Based on the blood patterns present and the positioning of Lawson on the floor, it appeared that he had been standing in front of the sink when the bullet struck. Smashing into the left side of his chest, it had tossed him sideways into the back wall, displaced energy flinging him against the tile.
Hitting hard enough to bounce back, he had toppled to the floor as a fair bit of his blood supply seeped out, the man’s final moments remarkably close to t
hose of Cara Salem.
Letting his focus linger on the macabre spread before him for another moment, Reed etched the scene into his mind. Inhaling deeply, he drew in the scent of blood in the air. Allowed the taste of copper to rest across his tongue.
A conscious inclusion of all his senses, returning him to those first moments standing outside the home near the Ohio River.
The last thing he would have ever wanted was for the same thing that happened to Cara to occur to someone else. A truly horrendous ending that nobody deserved, but certainly not someone as highly regarded as her or - as Reed imagined he would soon find out - the man on the bathroom floor behind him.

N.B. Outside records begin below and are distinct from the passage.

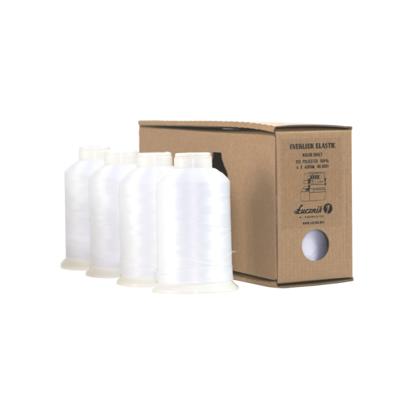 Súprava obsahuje: 4 x 4000 m overlockových chemlonových nití Elastic.
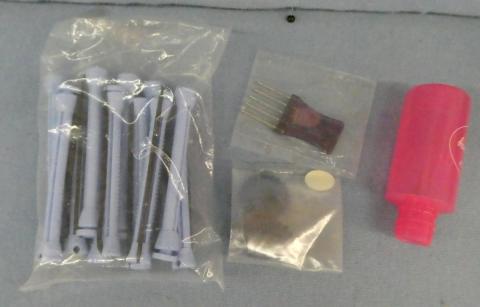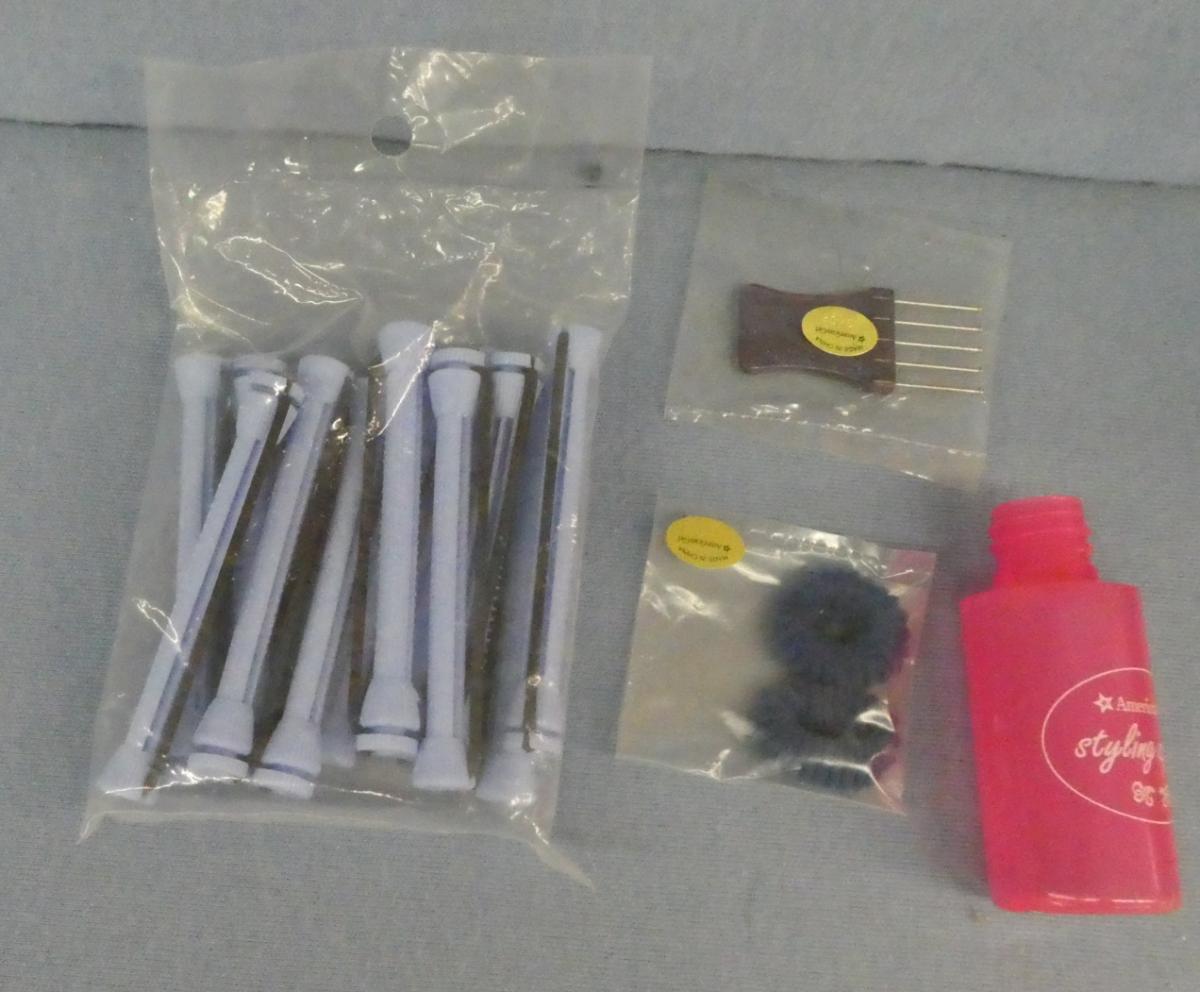 **AGH33 American Girl Hair Supplies Never Removed From Package Items Hair Pick, 2 Scrunchies and 12 Purple Hair Rods Not in Package 1 Styling Spray Bottle (mssing lid) and Salon Drape Price: $10.00Status: Available Additional Images
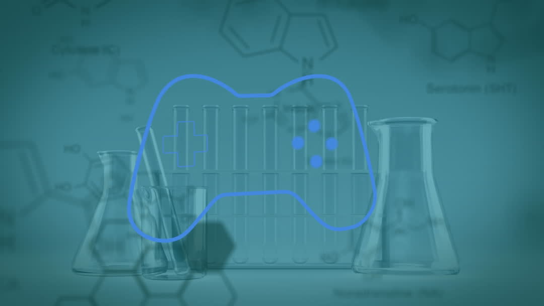 This visual illustrates the merger of science and technology concepts, highlighting the potential of using gaming simulations for educational and healthcare advancements. The animation features a game controller overlaid on laboratory equipment, symbolizing how interactive technology is used to engage in scientific research. Useful for presentations on tech advancements in healthcare, e-learning in chemistry and genetics, and innovations in digital gaming used in educational contexts.
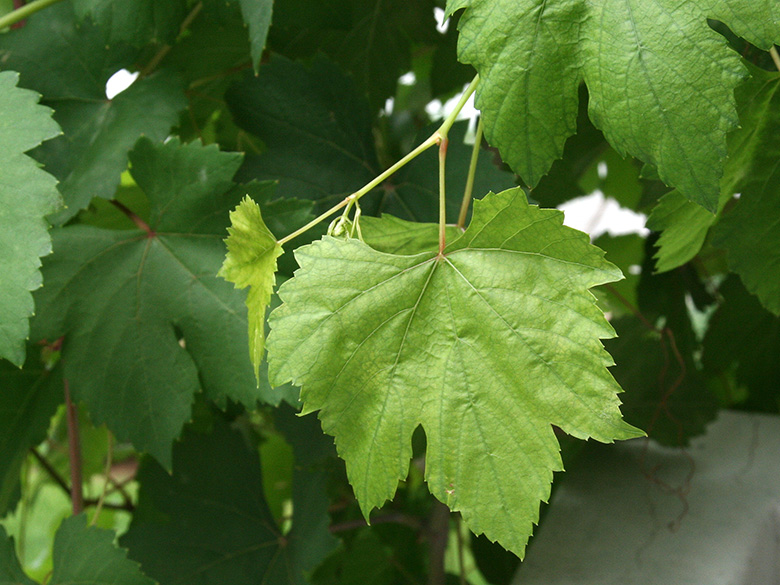 ![]() Vitis vinifera subsp. vinifera, Blatt/leaf, Griechenland, Peloponnes, Korinthia, Korinth (16.07.2019, © Gisela Nikolopoulou) |
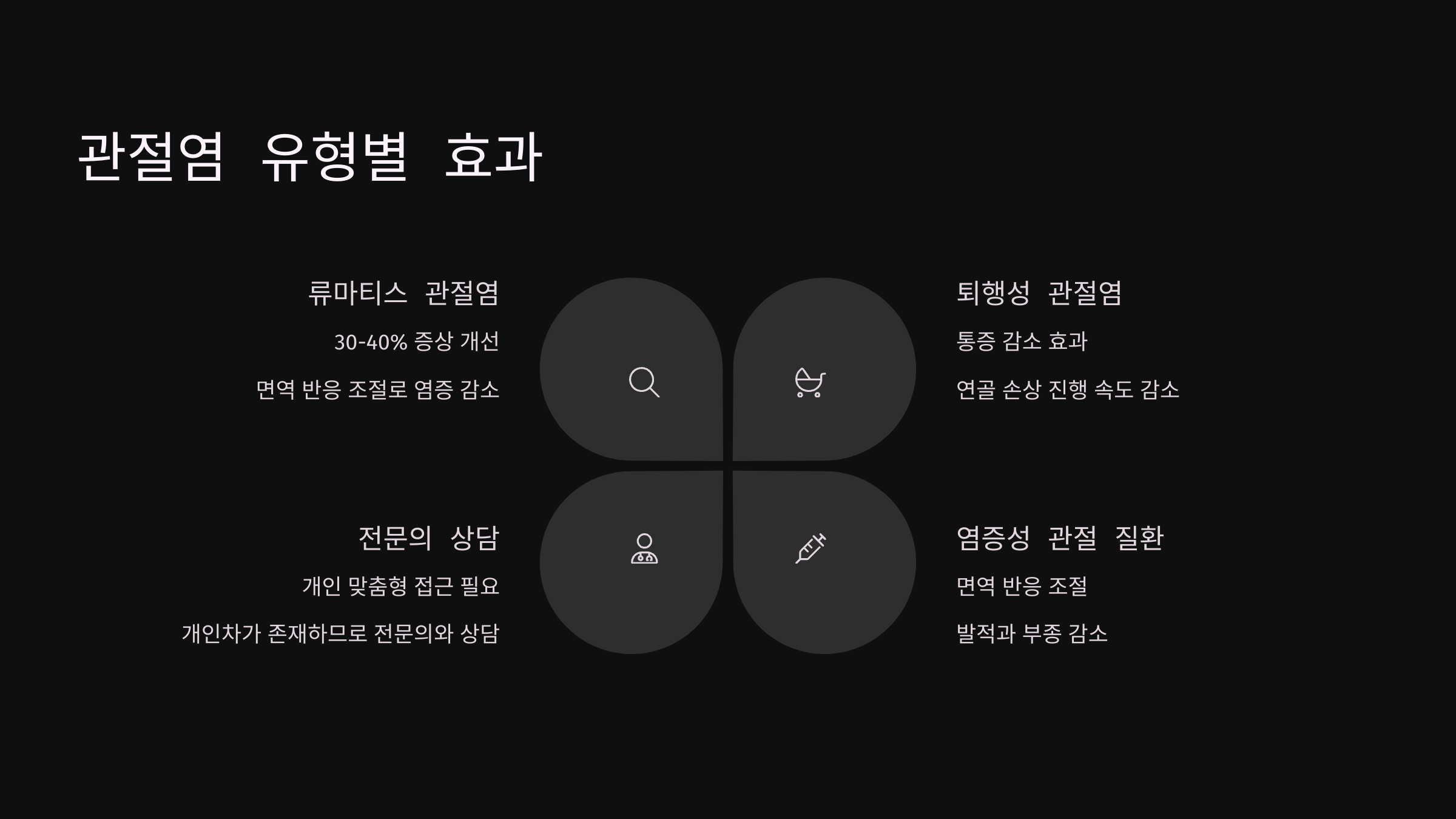 | 퇴행성 관절염 | 노화, 과사용 | 연골 보호, 염증 억제 |

People that must share some commonality beyond their manner of death that they were now entrusting him and Billie to find.
Fast.
Letting that thought steel him for whatever came next, Reed turned away. Moving in long strides, he stalked down the hallway, drawing the attention of all three waiting for him in the kitchen.
“What do you think?” McKeon called, asking as Reed was less than halfway there. “Same guy?”
“It’s early,” Reed replied, “but based on what I saw, I’d be far more surprised if it wasn’t than if it was.”
Arriving on the edge of the open space with counters extended in both directions beside him, Reed kept his focus on McKeon as he asked, “Has the M.E. been by yet?”
“Left about a half hour ago,” McKeon replied. “Released the body whenever we’re ready, but I wanted you to have a look before we moved him.”
Dipping his chin in a slight nod of appreciation, Reed said, “The news report earlier made it seem like the shooting took place this afternoon, but based on the man’s attire and the drying of the blood in there...”
Taking it no further, he let the impending question hang, McKeon picking up on where it was headed and replying, “Yeah. M.E. put time of death at ten to twelve hours ago, which is when his wife said he would have been getting ready for work.”